Bu, aynı zamanda edebiyat ve dilin yapılanmasına ilgisi olanların da keyifli bir yolculuğa çıkabileceği bir anlatı. Bazen okuru hızlandıran, yeri geldiğinde yavaşlatan.
"’Yol kendi zamanını belirler’ derdi babam, ‘yolcu olarak bize de ona uymak düşer!’”
ÇOCUK VE GENÇLİK KİTAPLARININ İZİNDE
Geçen hafta bu satırlarda kültürel hayatımızın karşı karşıya kaldığı tehditten bahsetmiştim. Bu alanda kültür üretici ve tüketicileri olarak bizlerin de yapabileceği şeyler olduğuna da daha önce gazetedeki köşemde yer vermiştim.
Kültürel hayatımızın ekonomik tehdidi bir yana, çeşitliliği korumadığımız, yeni bilgilerle tanışmadığımız, okuma ve araştırmadan uzak bir yaşantının, eksik hayat bilgisinin de geleceğimizi tehdit ettiği aşikâr. Düşüncelerimizi çeşitlilik kapsamında, doğa ve hayat bilgisi, değerler bağlamında yeniden inşa etmemiz, gelecek nesillerle kuracağımız hayatı yeniden ele almamız gerekiyor.
Bu bağlamda bu alanda ve bu sayfada yapabileceklerimizi düşününce de zaman zaman çocuk ve gençlik kitaplarının da satırlar arasında yer almasının düşünce dünyanıza, kitap seçiminize, hayat bilgisine, değerlerin yeniden gözden geçirilmesine, dahası çocuklarınızla olan ilişkilerinize ve hatta okuma alışkanlıklarınıza iyi gelebileceği, katkı sağlayabileceğini düşünüyorum.

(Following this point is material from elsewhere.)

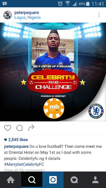 Last week, we told you about MI Abaga’s threat to deal with Oritsefemi and 9ice at the upcoming celebrity football fan party/showdown- Celebrity Fans Challenge on May 1st powered by Merrybet; well, Peter Okoye of P-Square is the latest celebrity to join the star-studded cast of this unique event at Oriental Hotel VI.

Bu hafta üç kitap seçtim. Arkadaşlık, duygular, hayvan sevgisi, komşuluk ilişkileri, yalnızlık, modern bilim, kuantum fiziği, merak ve araştırma, okul yaşamı, mahalle kültürü ve yaşamın içinden öyküler var bu haftanın seçimlerinde… Keyifli okumalar!
MIYMIY TEYZE- 6: SOKAKTA
Aytül AKAL - Zeynep ÖZATALAY
5 YAŞ + // RESİMLİ KİTAP
Uçanbalık
Aytül Akal ve Zeynep Özatalay'ın çizgi filmleri aratmayan ''Mıymıy Teyze'' serisi, sokaklardaki cümbüşe renk katacak bir serüvenle karşımızda.

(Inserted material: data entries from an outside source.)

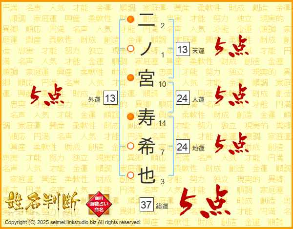 二(2画)ノ(1画)宮(10画) 寿(14画)希(7画)也(3画)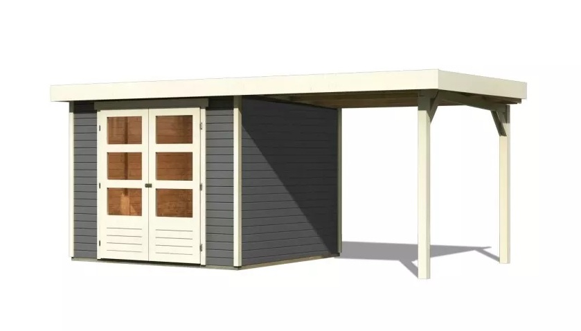 Drevený domček KARIBU ASKOLA 3,5 + prístavok 240 cm (9144) terragrau LG3187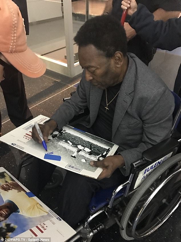 Легендарный бразильский нападающий Пеле был замечен в инвалидной коляске в международном аэропорту имени Джона Кеннеди. Пеле раздавал автографы и подписывал памятные вещи для нескольких поклонников по прибытии в Нью-Йорк, информирует Daily Mail.

Çok sevdiği evine ''duygusal anlamda'' sığamayan Mıymıy Teyze, can sıkıntısına ''iyi'' gelecek yepyeni öyküsünde; yalnızlık, dostluk ve hayvan sevgisi gibi temalara değiniyor.
Kıpır kıpır anlatımı ve matrak resimleriyle küçük büyük herkesin gönlünü çelen Mıymıy Teyze, yine hem güldürüyor hem de düşündürüyor...
Üst kat komşusu Mine ve ailesi tatile çıkınca Mıymıy Teyze evde çok ama çok sıkılır. Örgü örer, ilmek kaçırır... Satranç oynar, kendine yenilir... Pişirdiği yemeğin tadını beğenmez. Oflar, poflar... Ah, bir de şu ikide bir çalıp duran kapı zili yok mu? Ne yapsa ne etse zaman bir türlü geçmez. Sonunda, sokağa çıkmaya karar verir ve şenlik başlar! Acaba sokakta Mıymıy'ı ne gibi sürprizler beklemektedir?
Her kitapta bambaşka bir ruh hâli ile bizleri selamlayan Mıymıy Teyze, altıncı serüveninde can sıkıntısından kurtulmanın yolarını arıyor; hayata mutlulukla sarılınca her sorunun kendiliğinden çözüleceğini hatırlatıyor.
(Tanıtım Bülteninden…)
KÜÇÜK BİR MESELE
Neslihan Önderoğlu
On8 Yayınları
Hayat, başımıza gelen öykülerin ta kendisi!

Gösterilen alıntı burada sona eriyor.